You are viewing a plain text version of this content. The canonical link for it is here.
Posted to user@flink.apache.org by "m@xi" <ma...@gmail.com> on 2018/02/15 14:13:32 UTC

Manipulating Processing elements of Network Buffers

Hello Flinker!

I know that one should set appropriately the number of Network Buffers (NB)
that its Flink deployment will use. Except from that, I am wondering if one
might change/manipulate the specific sequence of data records into the NB in
order to optimize the performance of its application.

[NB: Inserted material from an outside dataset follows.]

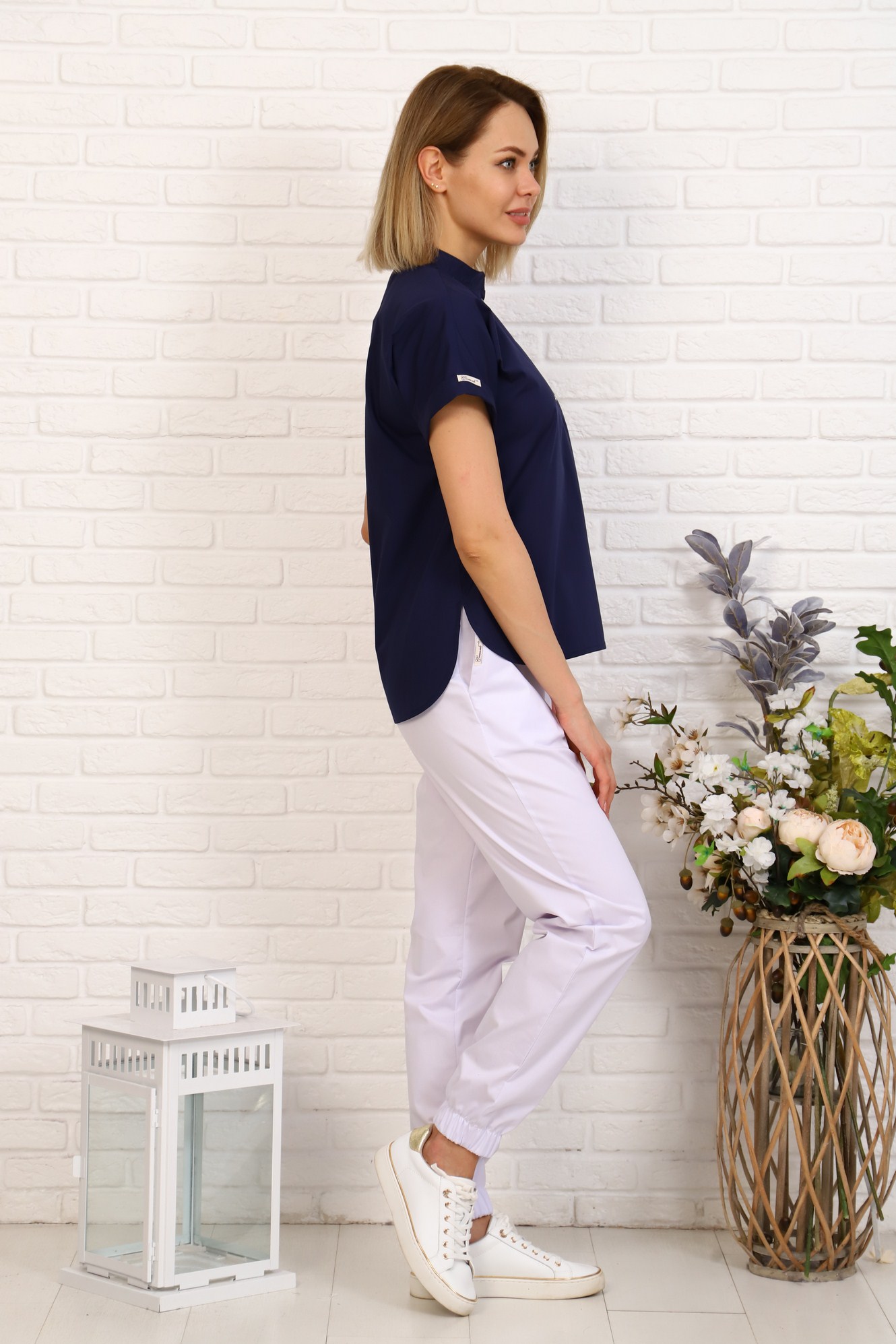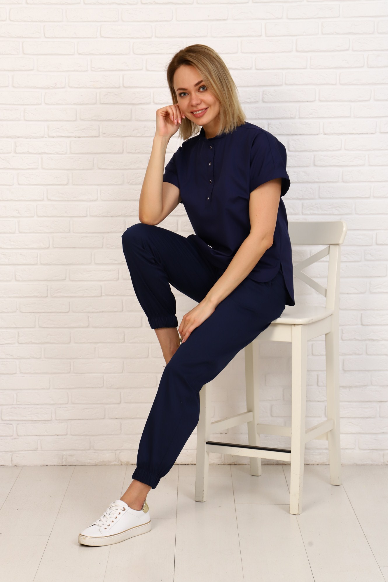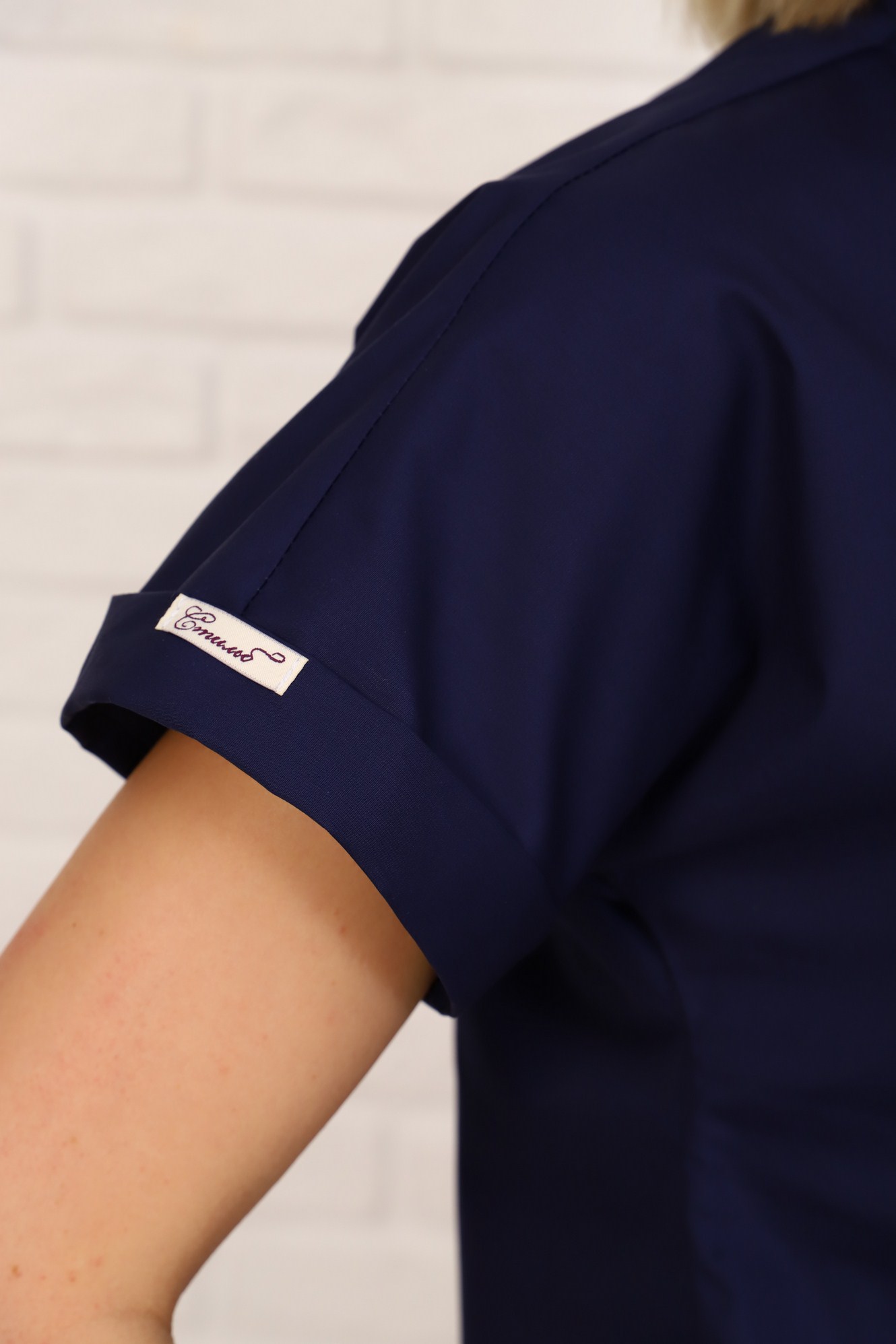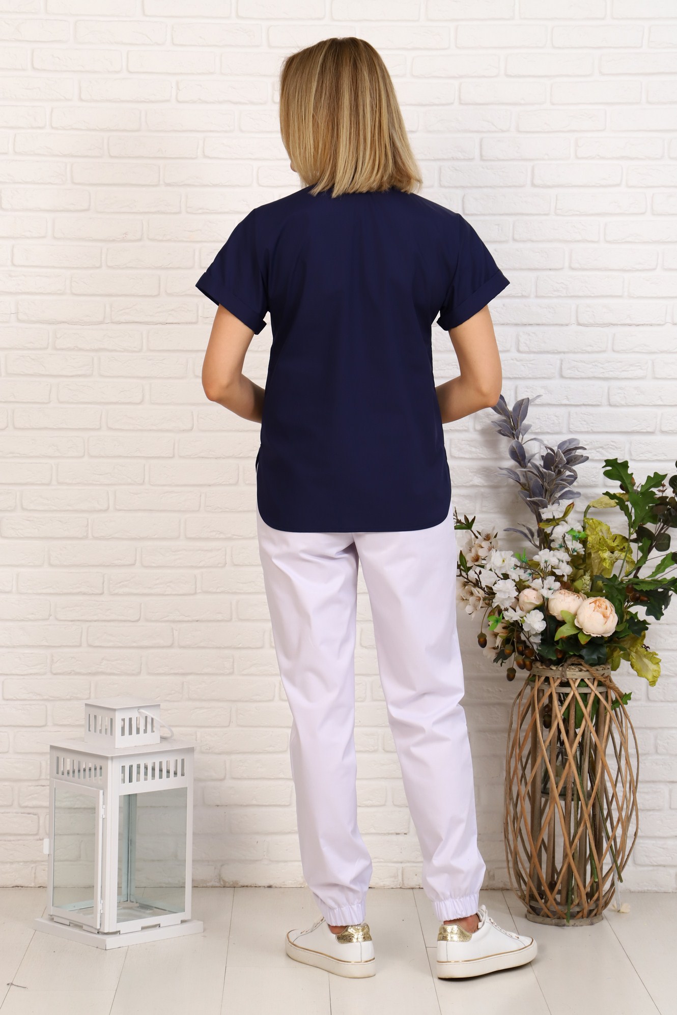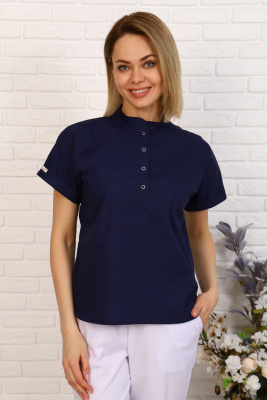 На полочках обработана застежка «поло», застегивающаяся на 4 рубашечных кнопки.
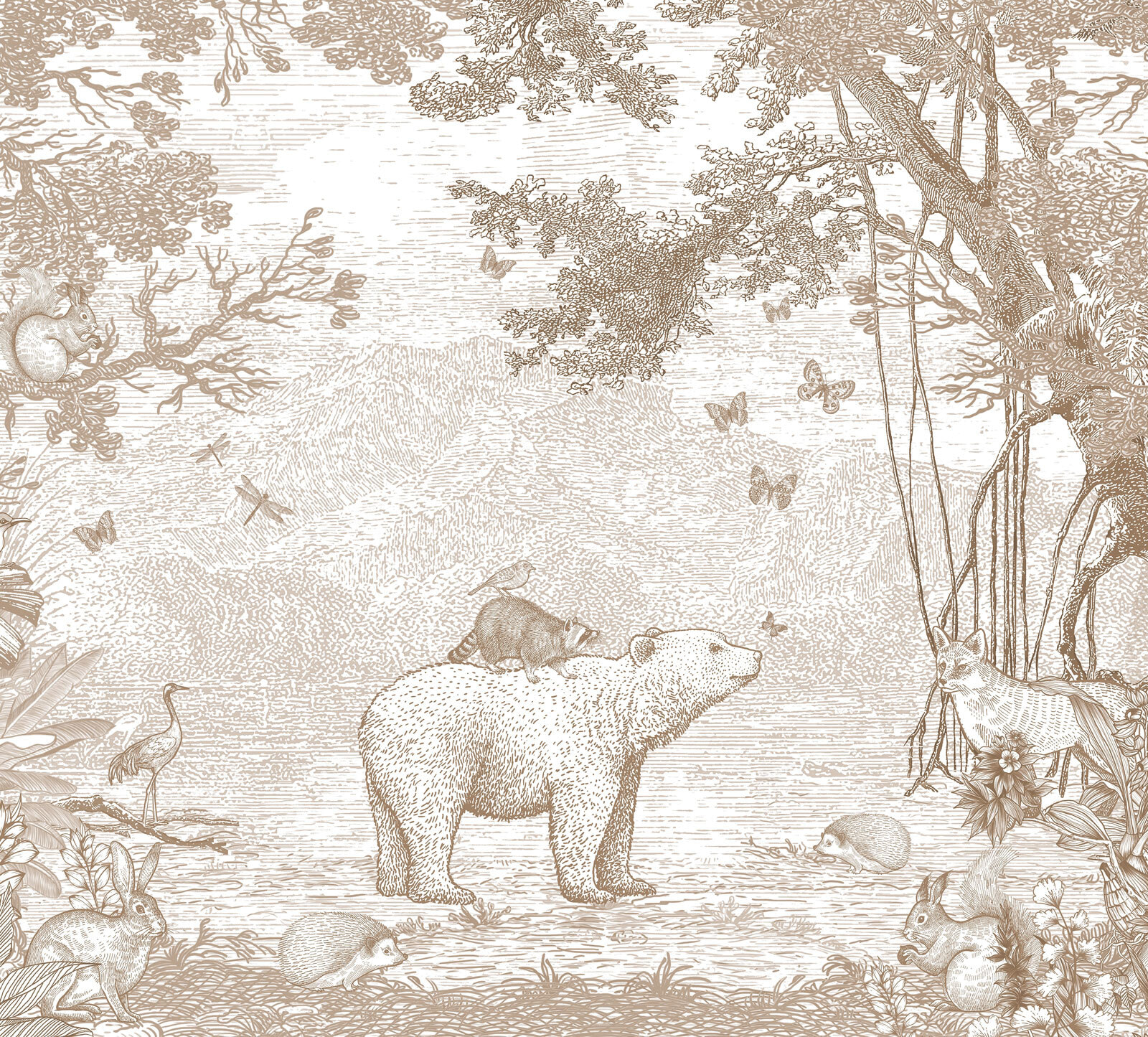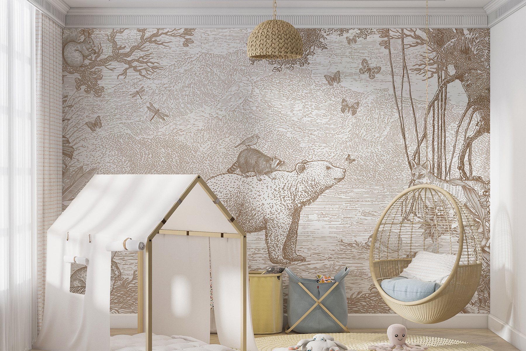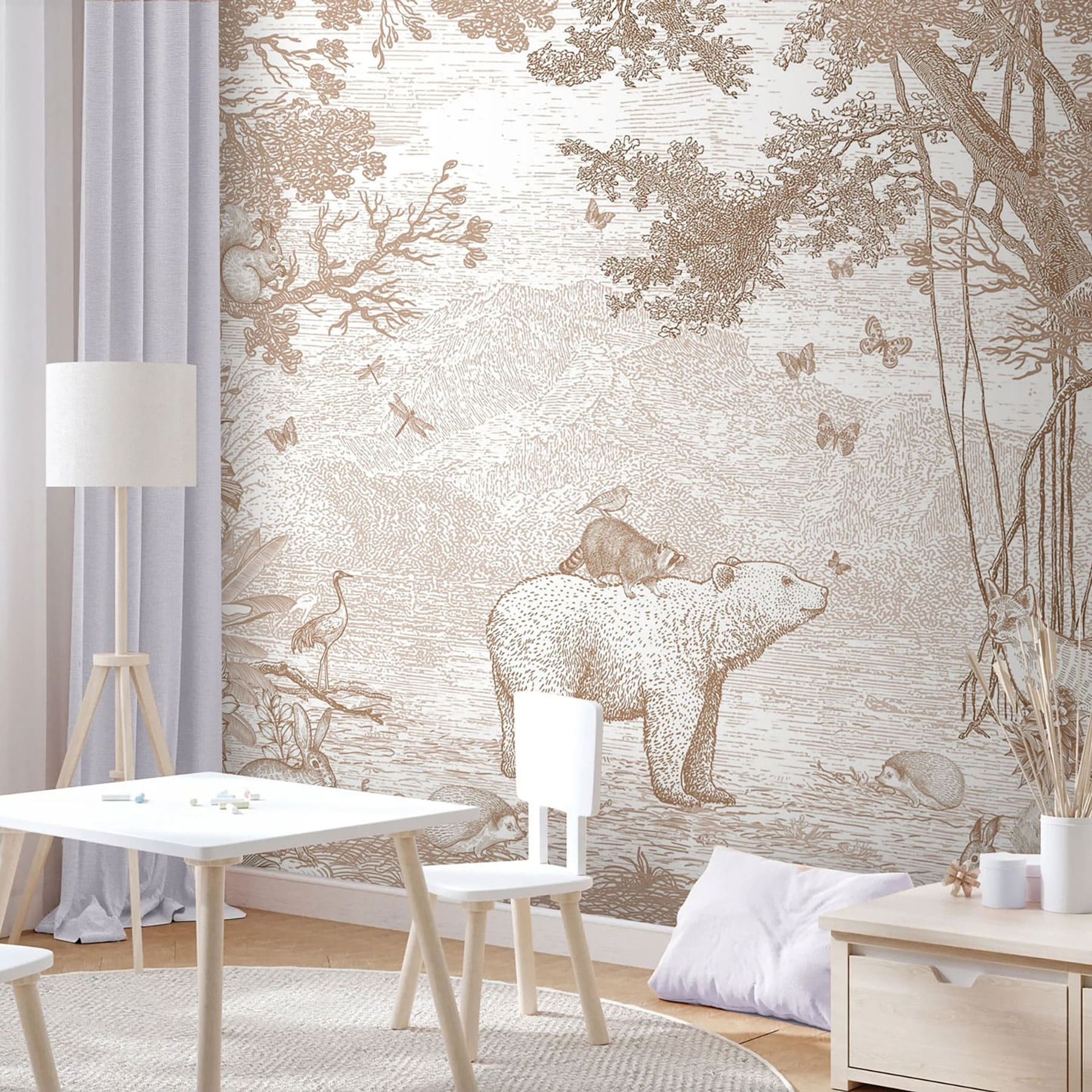 Imaginați-vă asta: un raton fermecător cocoțat fericit pe spatele unui urs, înconjurat de prietenii din pădure. Această pictură murală, perfectă pentru camera oricărui copil, seamănă cu o pagină desprinsă direct dintr-o carte de povești fermecătoare. Tonurile stinse, sepia, îi conferă un aer atemporal, făcându-l liniștitor și primitor – ca o îmbrățișare blândă pentru ochi. Va stârni povești nesfârșite înainte de culcare și imaginații jucăușe. Imaginează-ți ochii micuțului tău luminându-se în fiecare seară. Un fundal perfect pentru ora de joacă, ora de somn și toate momentele confortabile dintre ele. Captivant, capricios și atât de adorabil!

For instance, lets assume that a NB has now 3 elements {a,b,c} in this
specific order. The data is going be shipped to a taskmanager(s) for further
processing etc etc. But maybe if the aforementioned elements where to be
shipped in another order, e.g. {b,c,a} then a specific task would run
faster.

Is there any such way to manipulate the ordering in the NB or the ordering
of the arrival of tuples at the input of an operator???

Thanks in advance.

Best,
Max



--
Sent from: http://apache-flink-user-mailing-list-archive.2336050.n4.nabble.com/

Re: Manipulating Processing elements of Network Buffers

Posted by "m@xi" <ma...@gmail.com>.
Hi Till!

Thanks a lot for your useful reply. 

So now I get it. I should not manipulate or disturb the network buffer
contents, as this will trigger other problematic behaviours. On the other
hand, the price of buffering the data in my operator first and e.g. sorting
them first based on some criterion, and then processing them...what is the
its impact to the efficiency/effectiveness of a streaming algorithm.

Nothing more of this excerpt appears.